Video Generation
Treat this skill as the entrypoint for Remotion work in this repo.
This skill is influenced by browser-use/video-use and heygen-com/hyperframes, but adapted for code-first Remotion builds in React instead of HTML-first compositions.
When To Use
Use this skill for:
- branded product videos, launch videos, explainers, social cuts, and walkthroughs
- Remotion scene work that needs composition planning before code
- manifest-driven video pipelines where scenes or screens are described as data
@json-render/remotion timelines that render from a JSON spec plus a component catalog
- revisions to existing Remotion projects where timing, captions, or asset handling must stay coherent
Principles
- The plan is the primary reasoning surface. Scene lists, manifests, and timeline specs are the durable artifacts; everything else should derive from them.
- Layout before animation. Build the hero frame of a scene first, then animate from a stable layout.
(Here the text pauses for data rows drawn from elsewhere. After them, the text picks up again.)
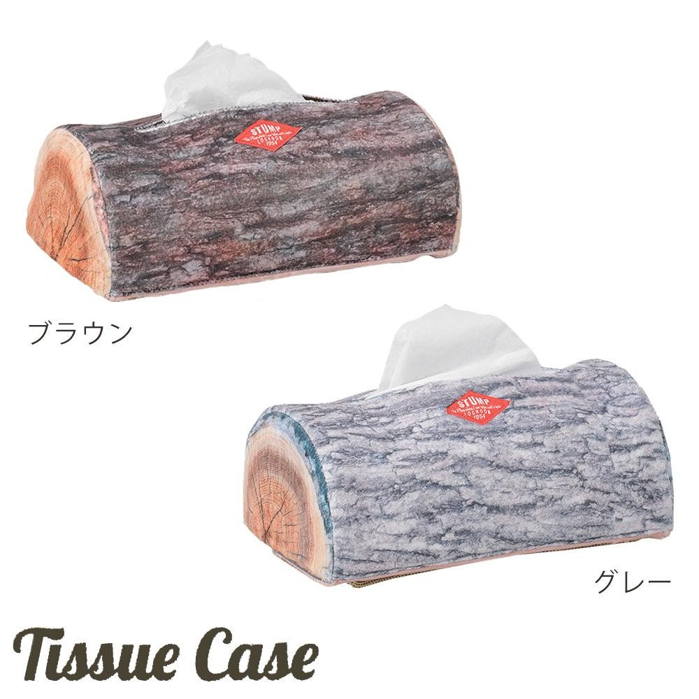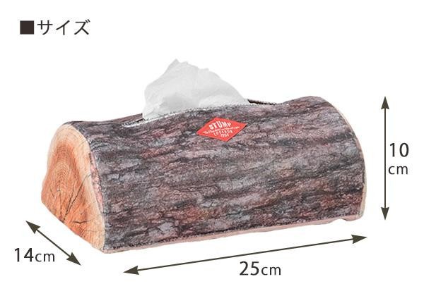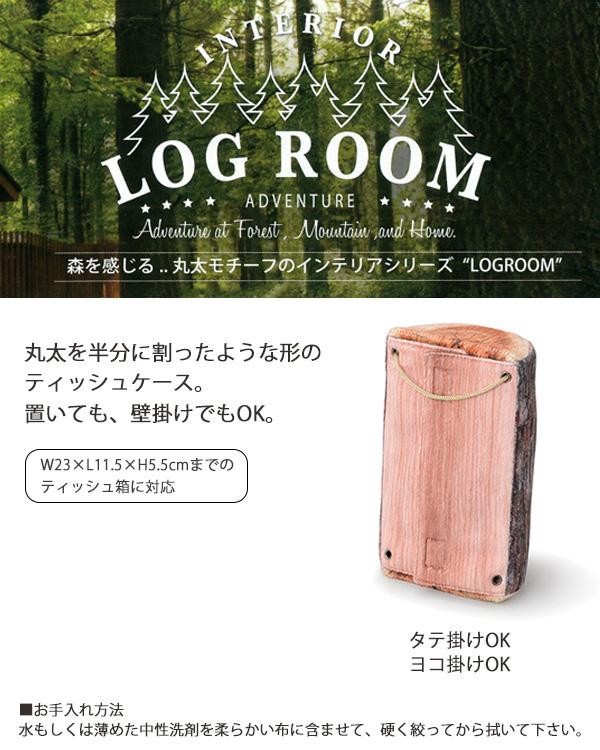 丸太を半分に割ったような形のティッシュケース。置いても、壁掛けでもOK。
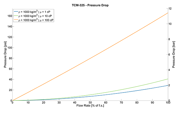 TRICOR PRO TCMP0325科氏力流量計包含了密度測量和質(zhì)量流量測量的功能,其質(zhì)量流量為325公斤/小時(12磅/分鐘)或49bbl/天,標(biāo)稱管道尺寸為DN4(1/8″),可以提供本地測量輸出的密度值、質(zhì)量流量、過程溫度、體積流量、累積質(zhì)量流量和累積體積流量。該儀表的精度為0.1%,耐壓可高達(dá)200bar(2900 psi)。該儀表采用數(shù)字信號處理變送器(DSP),可提供現(xiàn)代化的HMI接口,具有數(shù)據(jù)記錄功能和自診斷功能。每一臺科氏流量計都經(jīng)過了機械平衡測試,以確保密度測量功能和整體性能。
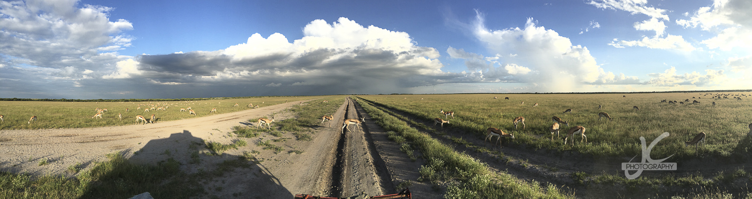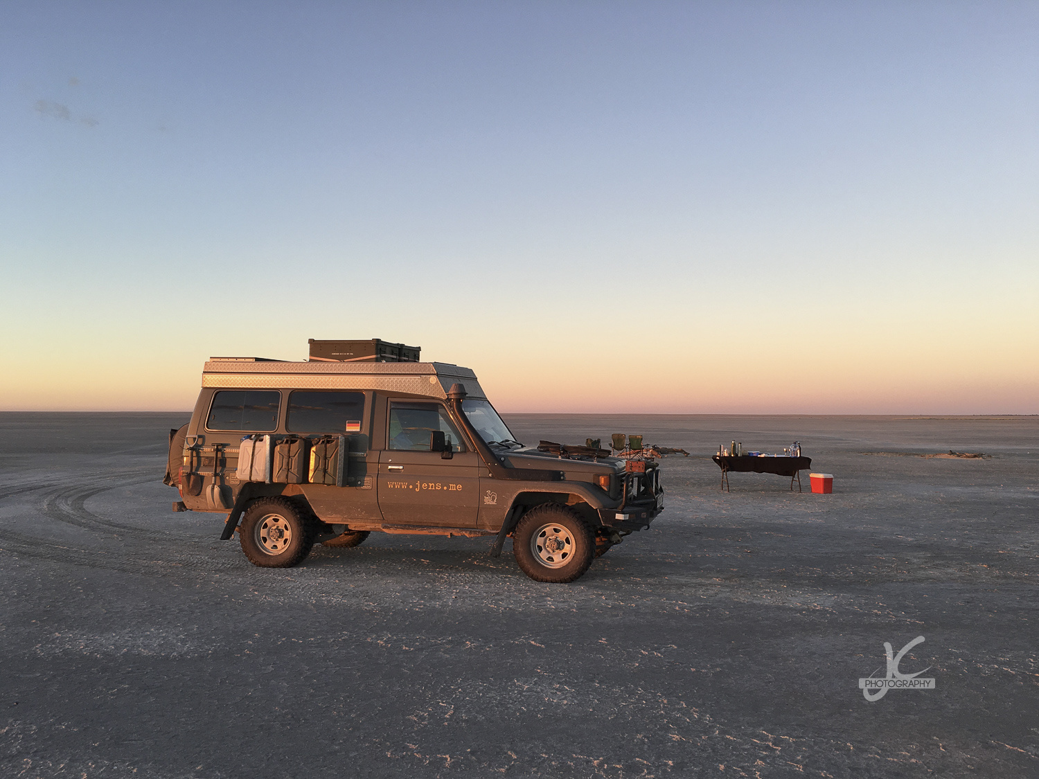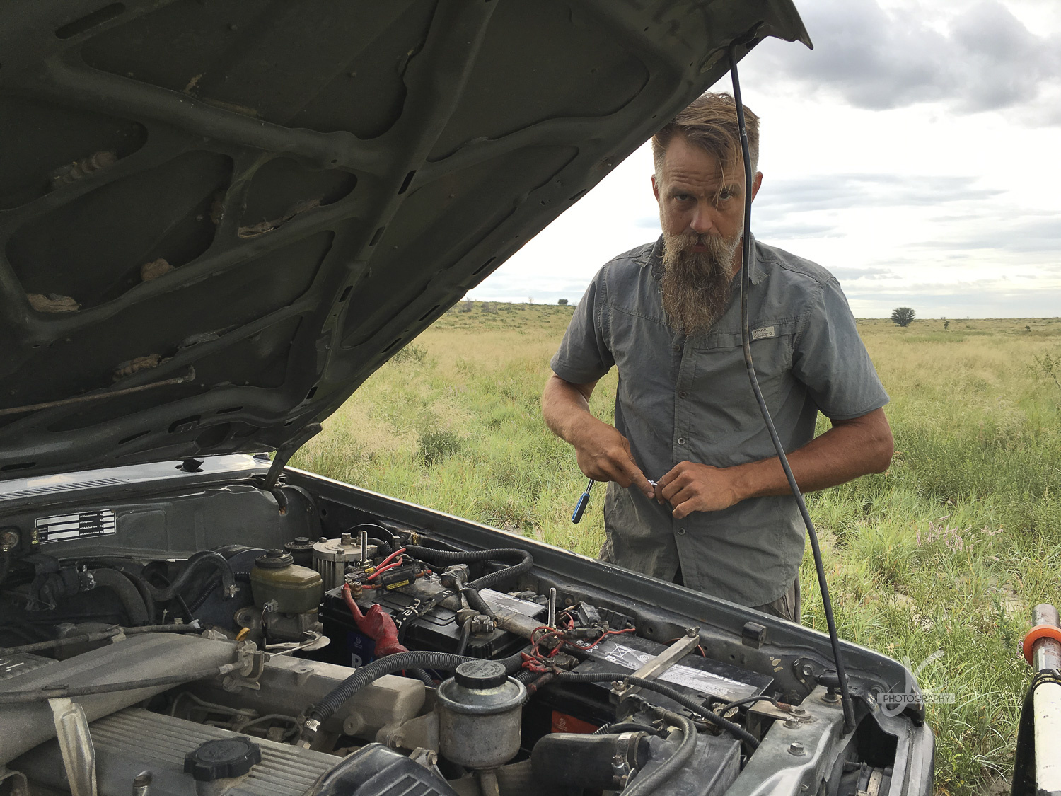 We started this trip in CKGR or the Central Kalahari Game Reserve. It is beautiful this time of the year right after rainy season, since everything is really green. We still had some rain every once in a while which gave us this beautiful rainbow at one point. Because of that it was also still muddy though at some stretches, as you can see on one of the pictures. We had to pull out a friend who got stuck. And every once in a while Jens plays mechanic since there’s some noise or he discovered something at a check up. Luckily he always pays attention in the workshops.

- Ask, confirm, implement, self-evaluate, persist. Do not jump from a vague brief straight into code.
- Audio, captions, and timing are structural, not decorative. Treat them as part of the core composition model.
- The examples in this skill are examples, not presets. Reuse the workflow and rules, not generic aesthetics.
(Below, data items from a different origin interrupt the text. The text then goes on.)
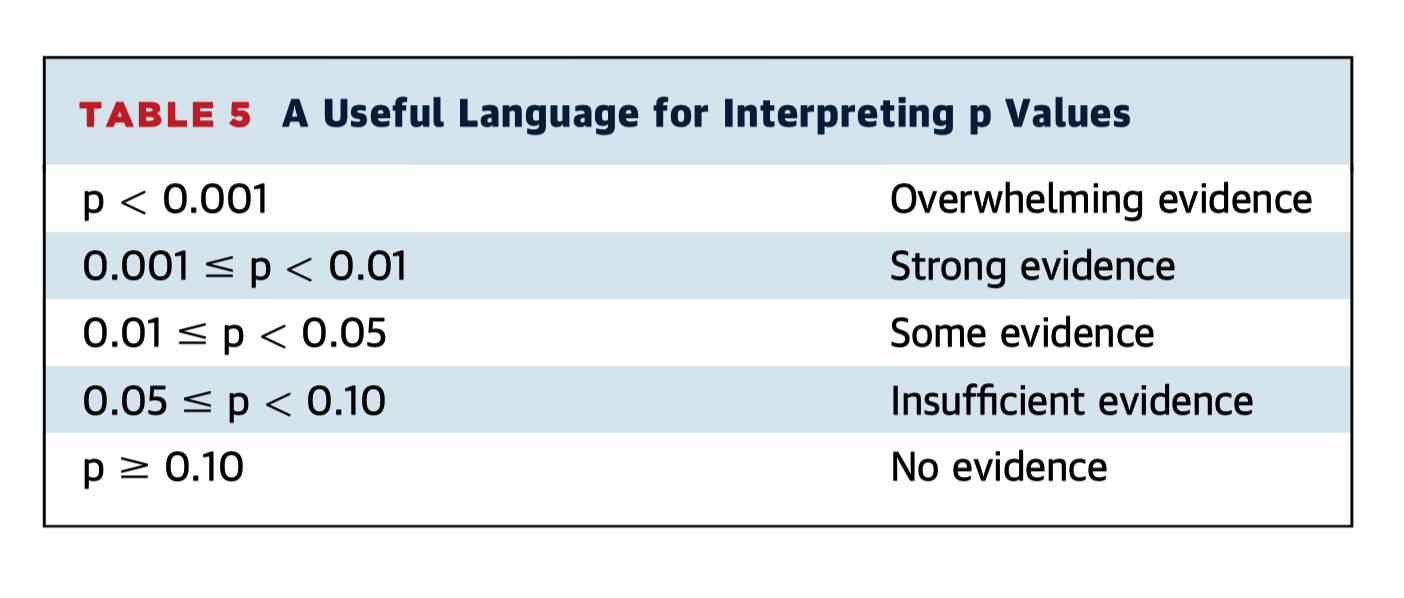 We can still calculate p-values as we currently do - nothing needs to change. But instead of referring to the p-value itself, let’s start discussing our results in the context of ‘evidence’ (i.e. against the null hypothesis of no effect). The following table from this paper sums it up beautifully and so I am not going to reinvent the wheel (in fact I can thoroughly recommend the other 3 papers in the series, so do give them a look if you have time).
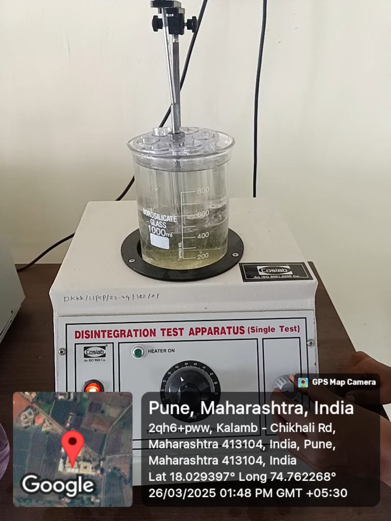 The tablet breaks down into smaller pieces during disintegration, which is the initial stage of dissolution. While most tablets have a maximum disintegration duration of thirty minutes, USP uncoated tablets have a normal disintegration time of as like as five minutes. The USP/NF (1980) method was employed. For every tablet, 900 Millilitres of disintegration the media were used in the experiment. Six tablets were chosen, put into each of the basket’s cylindrical tubes, and the disc was used. It was noted how long it took for each tablet to disintegrate into tiny pieces and escape through the mesh. A mean integration time calculation was made.
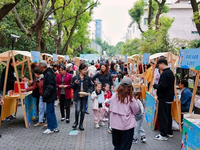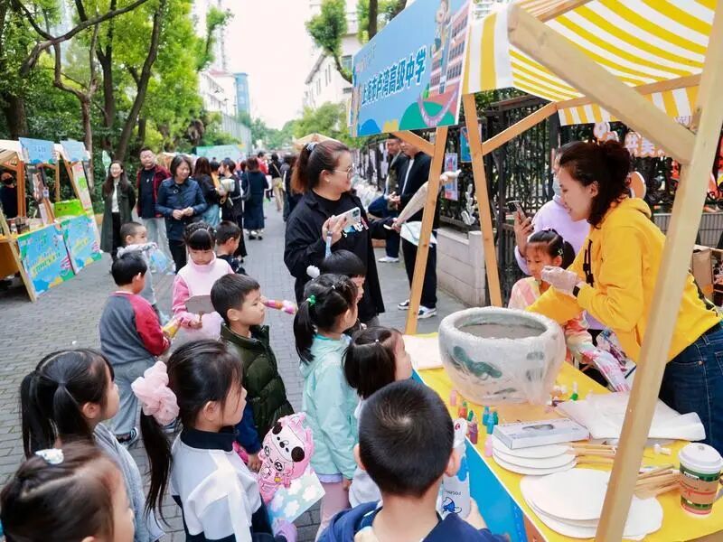 “丽·萌”市集作为社区活力的“引爆点”,将小巷变为全龄共享的欢乐场。市集不仅汇聚了运动趣味、非遗手作、便民服务,更成为“家校社”协同治理的生动展台:海华小学的“跳蚤市场”让小摊主们体验分享经济,卢湾中学的机器人互动则展示了社区的智慧底蕴,商户则结合自身优势为小巷市集注入“烟火气”。
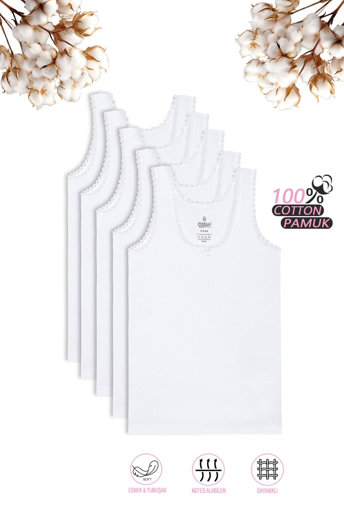 Özkan 1605 5'li Paket Kız Çocuk %100 Pamuklu Ribana Yakası Dantel Detaylı Esnek Rahat Kalın Askılı Atlet;
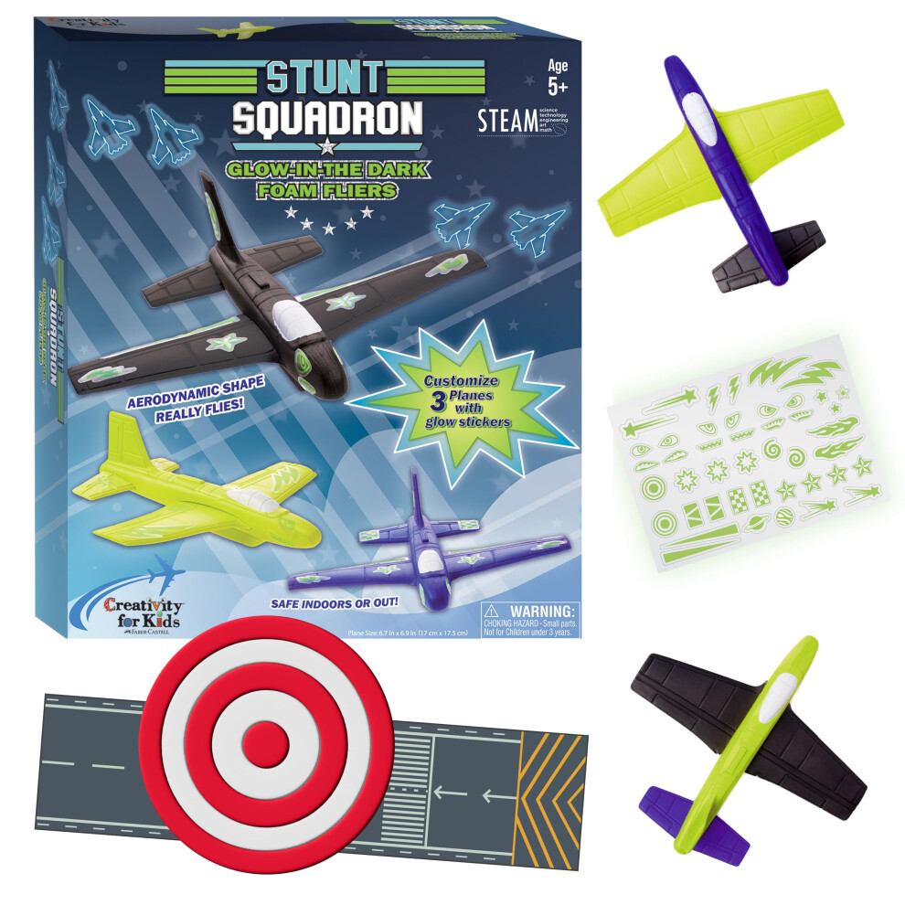 Creativity for Kids Stunt Squadron Glow-in-The-Dark Foam Fliers - Create 3 Foam Airplane Toys STEM Kits for Kids Craft and Science Kits for Kids To
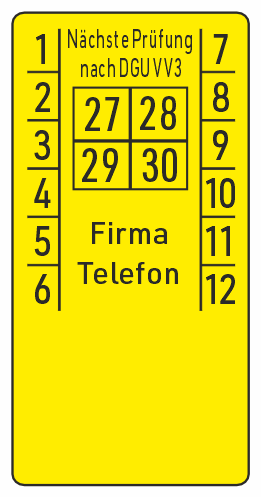 Kabelprüfplakette Nächste Prüfung nach DGUV V3 mit Firmenaufdruck
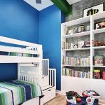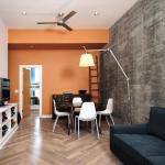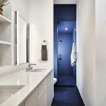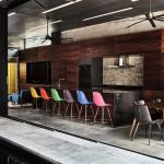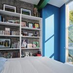 Finishes on the first floor are raw and exposed, serving as a backdrop to render activity and furnishing more vividly. Concrete walls are exposed where possible and kitchen cabinets are clear stained walnut with handles routed into horizontal edges. Finishes on the upper floors, by contrast, are more static and colorful. A series of multi-colored accent walls are inserted to embolden the defined use of each distinct space.

- Image sourcing is part of production design. Reuse real assets when they exist, prefer code-as-image for product visuals, and generate only the gaps.
- Scene variety matters. Do not let the entire video collapse into the same centered card layout with minor copy changes.
Hard Rules
These rules are about production correctness and reviewability, not taste:
- Do not start large composition work until the user has approved a plain-English strategy.
- Lock composition metadata early:
durationInFrames or an equivalent duration plan, fps, width, height, and aspect ratio must be explicit before scene code branches.
- Use one source of truth for timing. Do not scatter independent timing numbers across scene components, manifests, and helpers.
- Build each scene's readable hero frame before animating it. If the static frame is unclear, animation will not fix it.
- Captions and subtitle-safe layouts must be checked against the final layered scene state. Do not let overlays or edge-aligned UI hide them.
- Brand choices must come from the project, the user, or an explicit fallback assumption. Never silently invent a generic visual system.
- Verify the output before presenting it. Use Studio, still renders, or short renders to catch layout, timing, caption, and asset issues yourself first.
- Persist the approved plan in a durable artifact near the implementation: a markdown brief, scene manifest, or JSON timeline spec. Do not force future revisions to reconstruct the intent from code alone.
- Never invent product UI labels, feature names, or agent names. Screenshot the real product and mirror copy exactly. Invented UI is immediately visible to anyone who knows the product.
- Default to burned-in captions for all social exports. 85% or more of social views are muted — captions are part of the composition model, not a post-production option.
Anti-Slop Guardrails
Do not silently ship any of these defaults:
- Inter, Roboto, Arial, Helvetica, or system-ui as the only type choice.
- Indigo / violet accent defaults.
- Gradient text headlines.
- Generic dark-glass cards floating over a blurred background.
- Continuous glowing or pulsing effects that do not communicate state.
- Three or more consecutive scenes with the same centered composition pattern.
- Invented timing numbers for text animations — use the named patterns in
references/rules/text-animations.md with their exact pacing specs instead.
If the visual system would still look interchangeable after swapping the logo, it is under-designed.
Production Workflow
Use this workflow unless the task is a trivial patch:
- Frame the task with references/overview.md.
- Gather required inputs with references/data-sources.md. Collect the brief, brand tokens, screen recordings, and optional voice calibration materials before writing any code.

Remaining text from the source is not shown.